COTR establishes correspondence in a functional and end-to-end fashion. It solves dense and sparse correspondence problem in the same framework.

[[arXiv]](https://arxiv.org/abs/2103.14167), [[video]](https://jiangwei221.github.io/vids/cotr/README.html), [[presentation]](https://youtu.be/bOZ12kgfn3E), [[pretrained_weights]](https://www.cs.ubc.ca/research/kmyi_data/files/2021/cotr/default.zip), [[distance_matrix]](https://www.cs.ubc.ca/research/kmyi_data/files/2021/cotr/MegaDepth_v1.zip)

##  Training

### 1. Prepare data

See `prepare_data.md`.

### 2. Setup configuration json

Add an entry inside `COTR/global_configs/dataset_config.json`, make sure it is correct on your system.

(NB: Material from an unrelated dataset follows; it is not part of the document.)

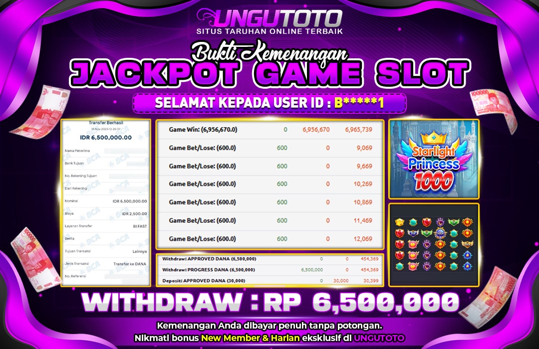 Selamat Kepada Member UNGUTOTO B*****1 Telah Jackpot Di STARLIGHT PRINCESS 1000

In the provided `dataset_config.json`, we have different configurations for different clusters.

Explanations on some json parameters:

`valid_list_json`: The valid list json file, see `2. Valid list` in `Scripts to generate dataset`.

`train_json/val_json/test_json`:  The splits json files, see  `3. Train/val/test split` in `Scripts to generate dataset`.

`scene_dir`: Path to Megadepth SfM folder(rectified ones!). `{0}{1}` are scene and sequence id used by f-string.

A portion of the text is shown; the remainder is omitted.